----- Data for the task

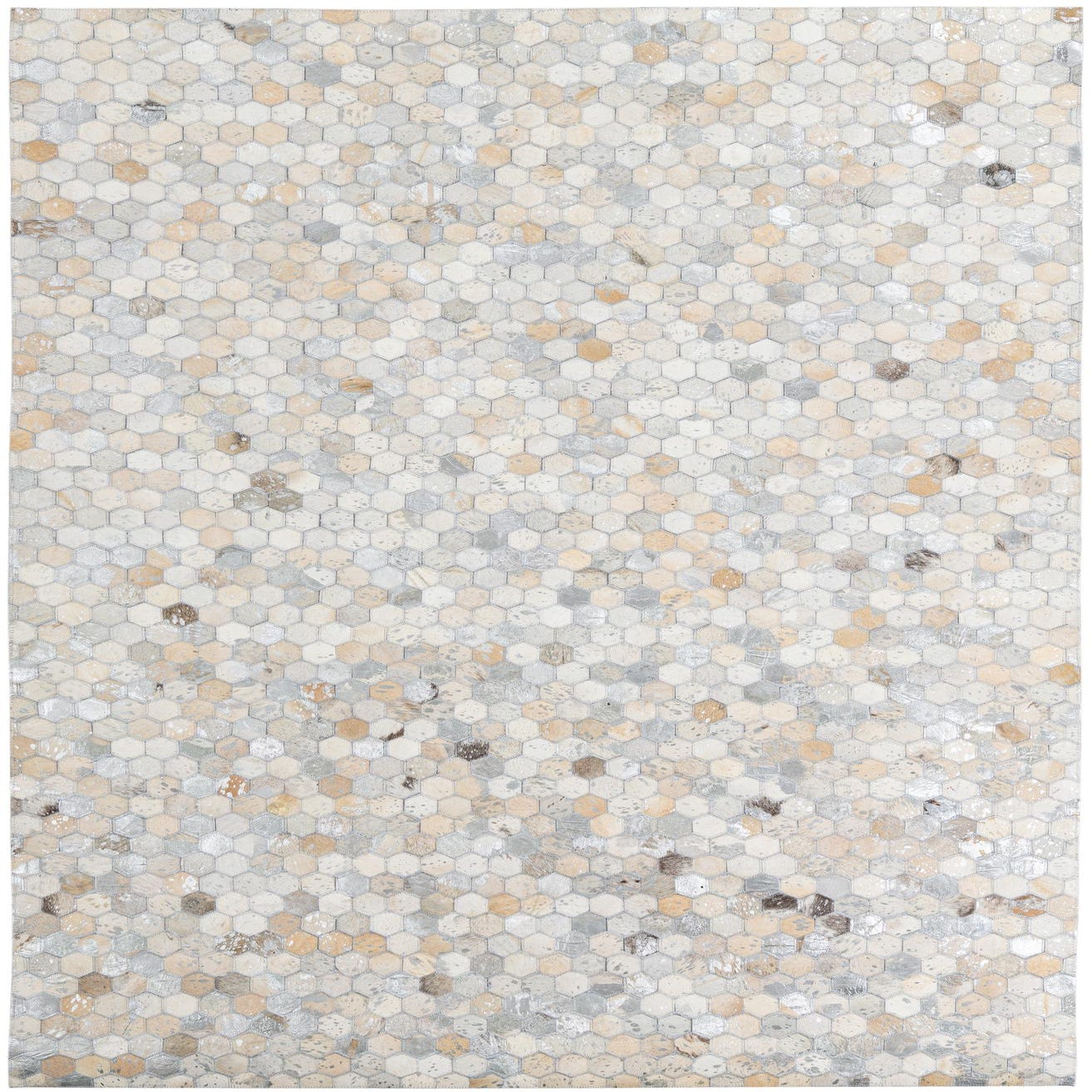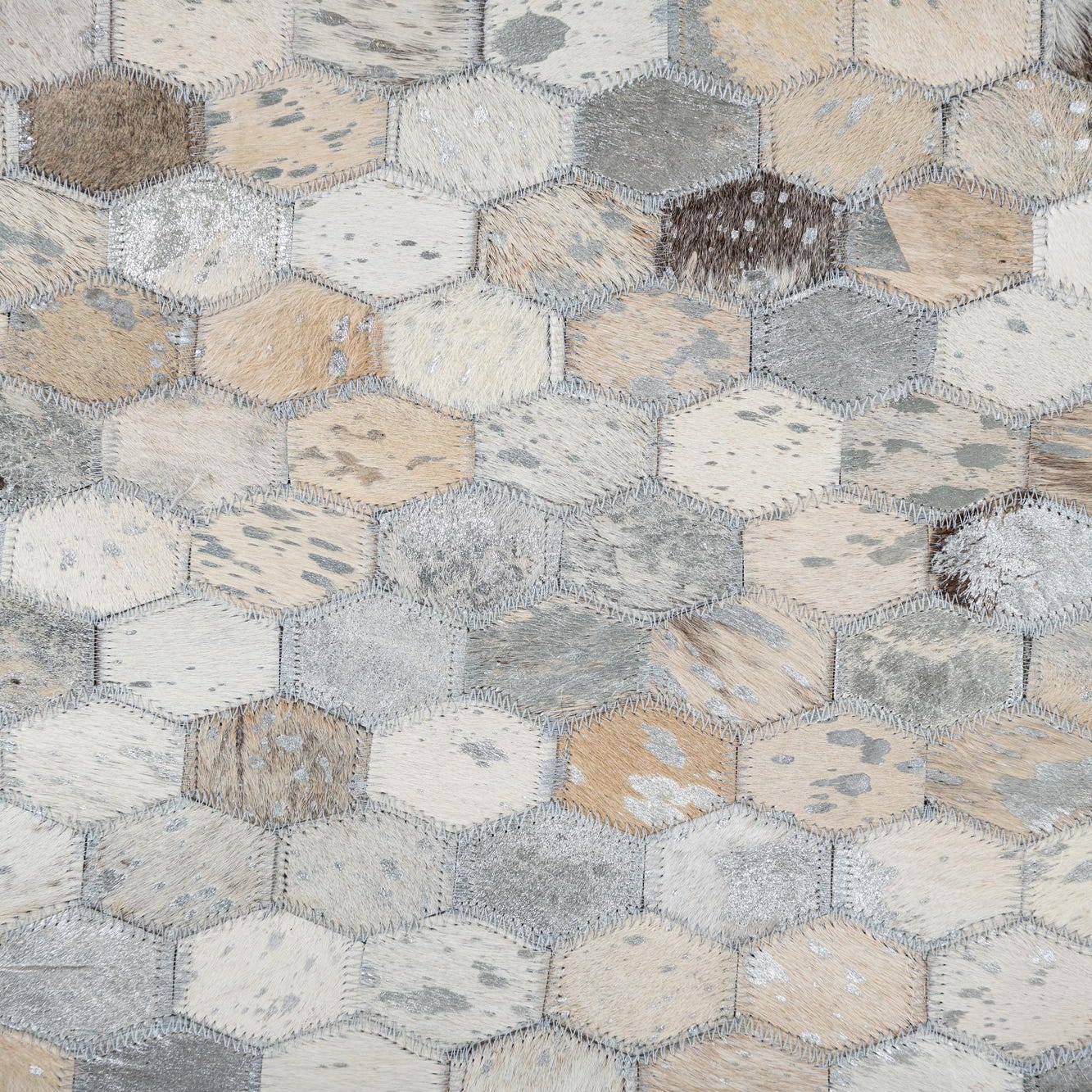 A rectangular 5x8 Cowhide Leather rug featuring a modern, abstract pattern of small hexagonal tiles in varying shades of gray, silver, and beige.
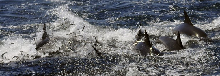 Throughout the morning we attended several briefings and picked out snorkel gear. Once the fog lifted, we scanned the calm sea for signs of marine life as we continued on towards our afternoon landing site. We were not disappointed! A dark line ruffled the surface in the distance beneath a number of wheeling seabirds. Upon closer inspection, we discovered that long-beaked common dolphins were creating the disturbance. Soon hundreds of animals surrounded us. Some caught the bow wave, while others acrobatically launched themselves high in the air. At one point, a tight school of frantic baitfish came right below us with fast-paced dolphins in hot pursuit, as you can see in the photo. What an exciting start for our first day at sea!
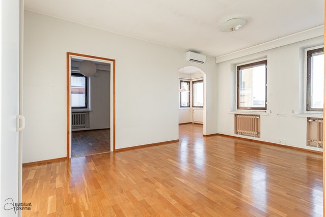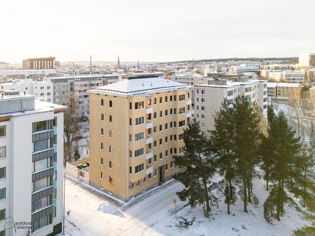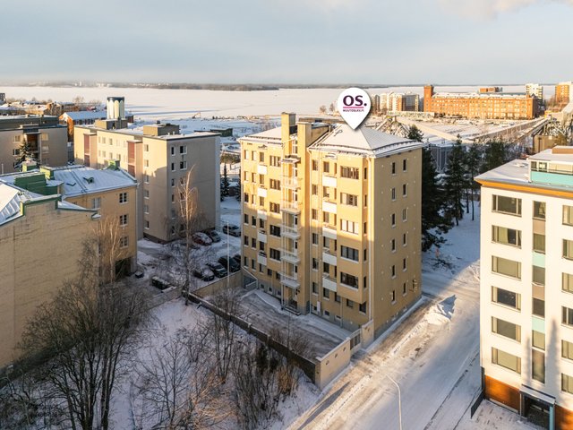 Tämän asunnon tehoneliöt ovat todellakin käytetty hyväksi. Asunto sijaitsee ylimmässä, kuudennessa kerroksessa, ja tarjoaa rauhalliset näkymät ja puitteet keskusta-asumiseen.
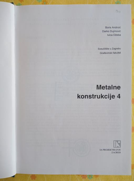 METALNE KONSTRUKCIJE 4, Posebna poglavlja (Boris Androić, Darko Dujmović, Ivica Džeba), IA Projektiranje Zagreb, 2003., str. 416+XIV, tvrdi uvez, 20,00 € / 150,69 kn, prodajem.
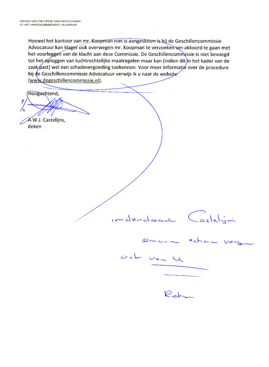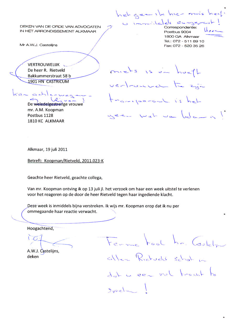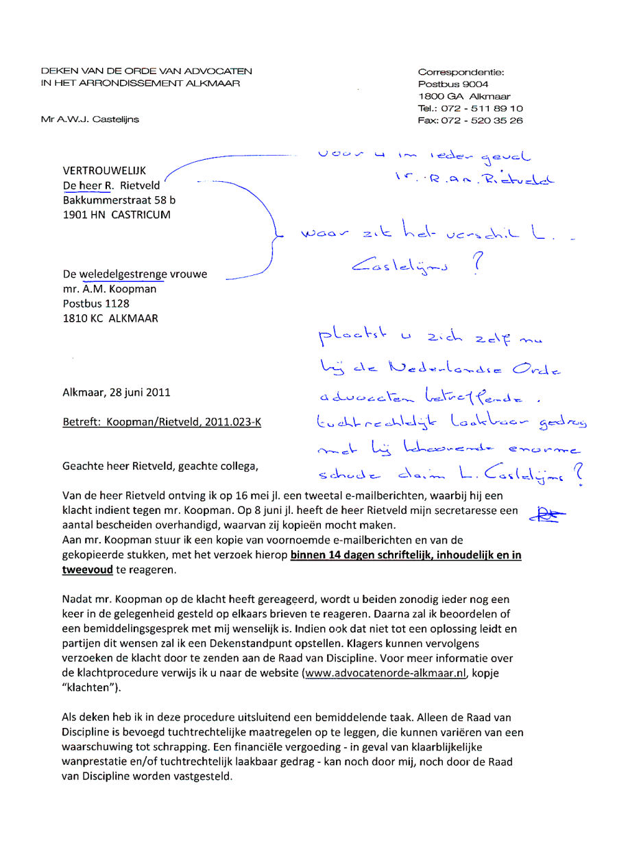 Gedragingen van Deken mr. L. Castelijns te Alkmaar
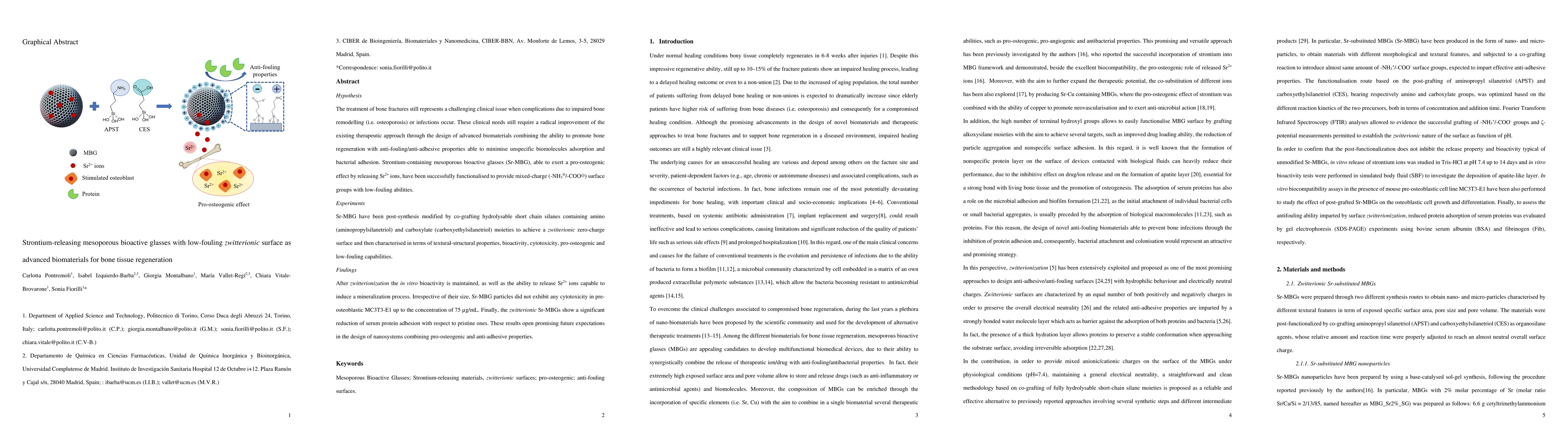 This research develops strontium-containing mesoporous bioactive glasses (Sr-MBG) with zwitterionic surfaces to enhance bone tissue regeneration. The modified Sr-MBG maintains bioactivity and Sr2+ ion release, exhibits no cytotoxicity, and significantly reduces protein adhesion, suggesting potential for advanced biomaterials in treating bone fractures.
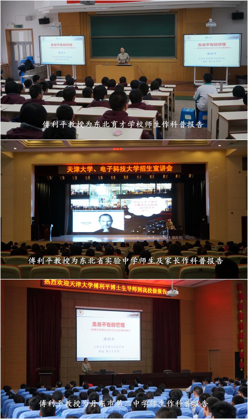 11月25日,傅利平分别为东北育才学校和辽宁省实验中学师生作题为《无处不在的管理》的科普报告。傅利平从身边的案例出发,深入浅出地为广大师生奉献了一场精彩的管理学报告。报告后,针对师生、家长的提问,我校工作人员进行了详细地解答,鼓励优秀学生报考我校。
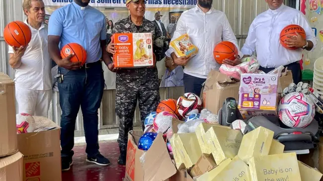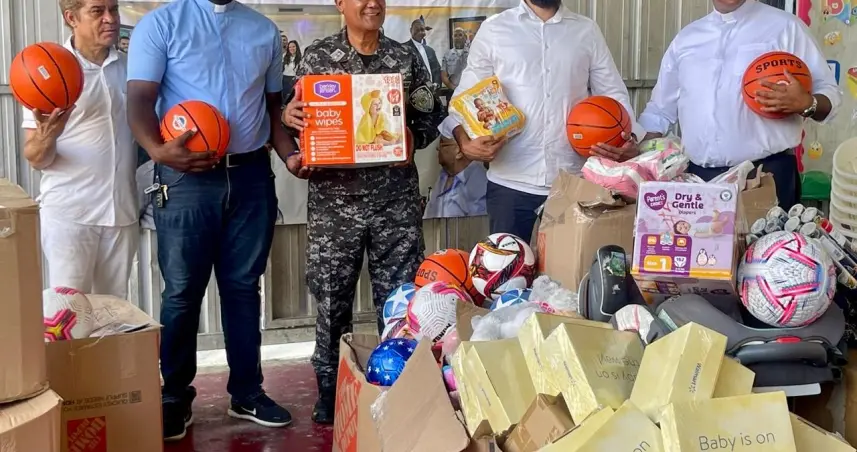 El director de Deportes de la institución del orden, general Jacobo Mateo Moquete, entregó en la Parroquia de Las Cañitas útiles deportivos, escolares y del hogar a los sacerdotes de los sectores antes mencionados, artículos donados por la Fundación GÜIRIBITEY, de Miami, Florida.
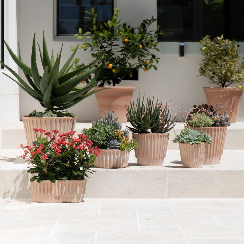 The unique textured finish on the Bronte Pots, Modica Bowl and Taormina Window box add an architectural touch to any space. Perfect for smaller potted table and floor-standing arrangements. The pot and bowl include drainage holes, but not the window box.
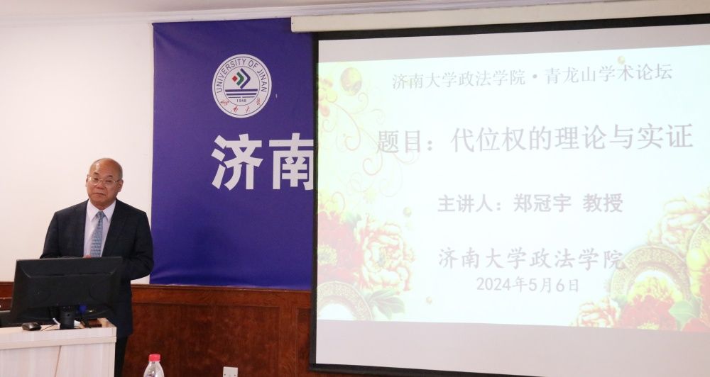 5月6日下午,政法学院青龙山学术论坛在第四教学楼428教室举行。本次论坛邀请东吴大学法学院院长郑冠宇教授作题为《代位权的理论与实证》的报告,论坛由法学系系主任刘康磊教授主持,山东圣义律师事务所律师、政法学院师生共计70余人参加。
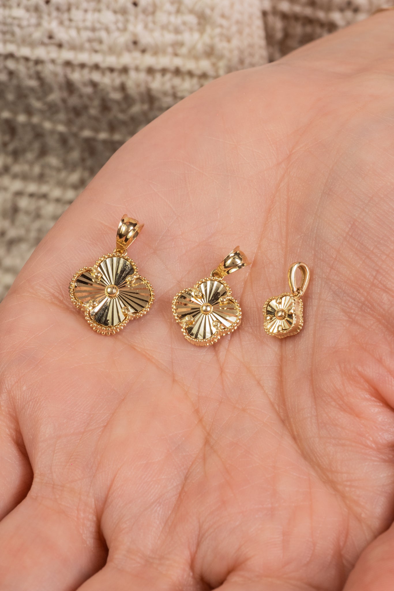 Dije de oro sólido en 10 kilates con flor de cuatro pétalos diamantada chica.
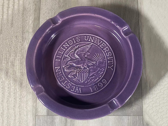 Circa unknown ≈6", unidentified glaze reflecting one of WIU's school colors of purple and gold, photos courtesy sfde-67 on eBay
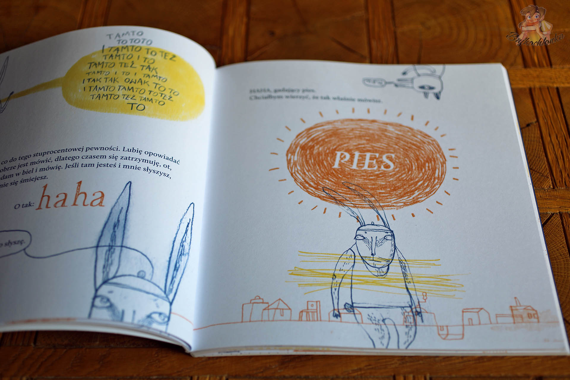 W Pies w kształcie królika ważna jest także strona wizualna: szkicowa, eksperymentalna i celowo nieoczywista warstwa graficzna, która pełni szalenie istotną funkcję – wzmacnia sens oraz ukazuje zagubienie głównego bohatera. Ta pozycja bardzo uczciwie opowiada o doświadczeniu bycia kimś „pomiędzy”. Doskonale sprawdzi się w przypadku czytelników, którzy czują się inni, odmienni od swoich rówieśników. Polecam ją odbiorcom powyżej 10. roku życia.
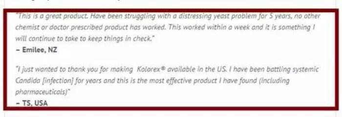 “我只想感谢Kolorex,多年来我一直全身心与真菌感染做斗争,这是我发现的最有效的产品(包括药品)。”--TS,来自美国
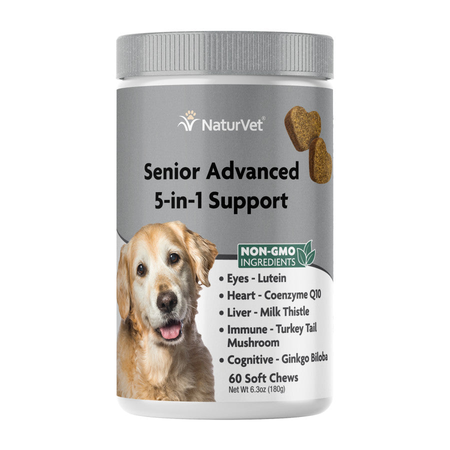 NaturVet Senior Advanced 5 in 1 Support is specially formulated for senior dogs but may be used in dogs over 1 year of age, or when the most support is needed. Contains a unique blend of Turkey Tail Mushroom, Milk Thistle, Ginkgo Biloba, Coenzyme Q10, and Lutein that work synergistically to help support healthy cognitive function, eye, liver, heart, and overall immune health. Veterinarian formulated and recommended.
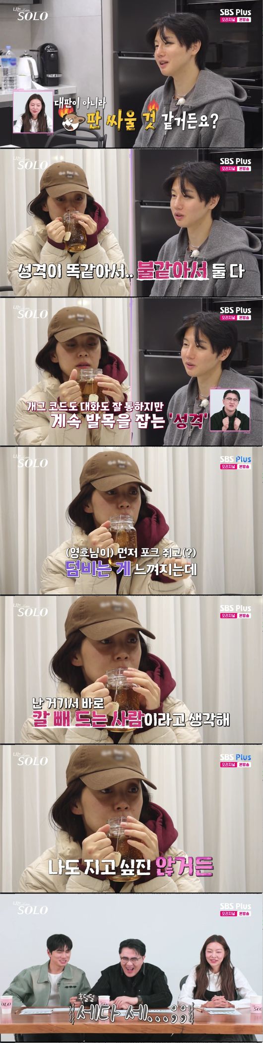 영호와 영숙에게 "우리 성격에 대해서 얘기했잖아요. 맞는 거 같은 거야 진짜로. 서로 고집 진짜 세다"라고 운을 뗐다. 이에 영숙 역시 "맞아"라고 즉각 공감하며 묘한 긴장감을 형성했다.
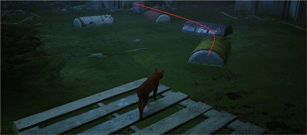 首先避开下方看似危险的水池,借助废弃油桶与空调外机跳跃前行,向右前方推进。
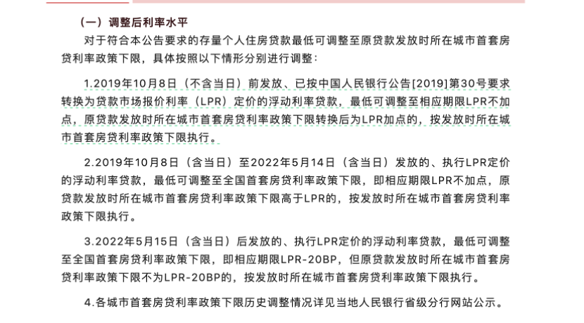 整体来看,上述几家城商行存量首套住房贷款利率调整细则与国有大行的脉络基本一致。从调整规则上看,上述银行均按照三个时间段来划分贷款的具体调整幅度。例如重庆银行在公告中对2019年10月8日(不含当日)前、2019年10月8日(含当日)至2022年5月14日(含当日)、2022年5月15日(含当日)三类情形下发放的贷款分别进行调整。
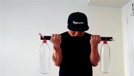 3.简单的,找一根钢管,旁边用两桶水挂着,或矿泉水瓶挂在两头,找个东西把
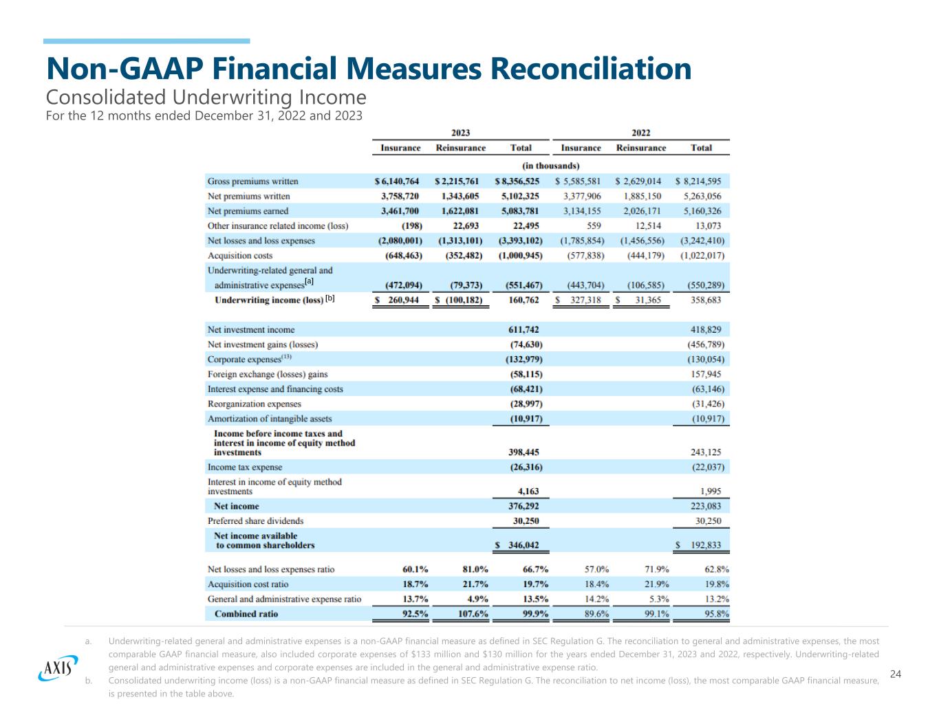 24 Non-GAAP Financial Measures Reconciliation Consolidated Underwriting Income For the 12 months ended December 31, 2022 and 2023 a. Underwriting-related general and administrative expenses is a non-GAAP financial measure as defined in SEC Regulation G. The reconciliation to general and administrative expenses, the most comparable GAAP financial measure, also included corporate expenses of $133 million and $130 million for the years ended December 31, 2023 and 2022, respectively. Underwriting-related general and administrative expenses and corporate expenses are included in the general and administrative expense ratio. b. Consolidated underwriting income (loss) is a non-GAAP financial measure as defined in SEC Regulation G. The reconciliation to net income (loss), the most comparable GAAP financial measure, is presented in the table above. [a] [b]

----------

• **Work request**: In the listing above, find the line with "METALNE KONSTRUKCIJE 4, Posebna" and the line with "Gedragingen van Deken". Copy exactly those lines and all between them, minus the images.

• **Task solution**:
 METALNE KONSTRUKCIJE 4, Posebna poglavlja (Boris Androić, Darko Dujmović, Ivica Džeba), IA Projektiranje Zagreb, 2003., str. 416+XIV, tvrdi uvez, 20,00 € / 150,69 kn, prodajem.
 Gedragingen van Deken mr. L. Castelijns te Alkmaar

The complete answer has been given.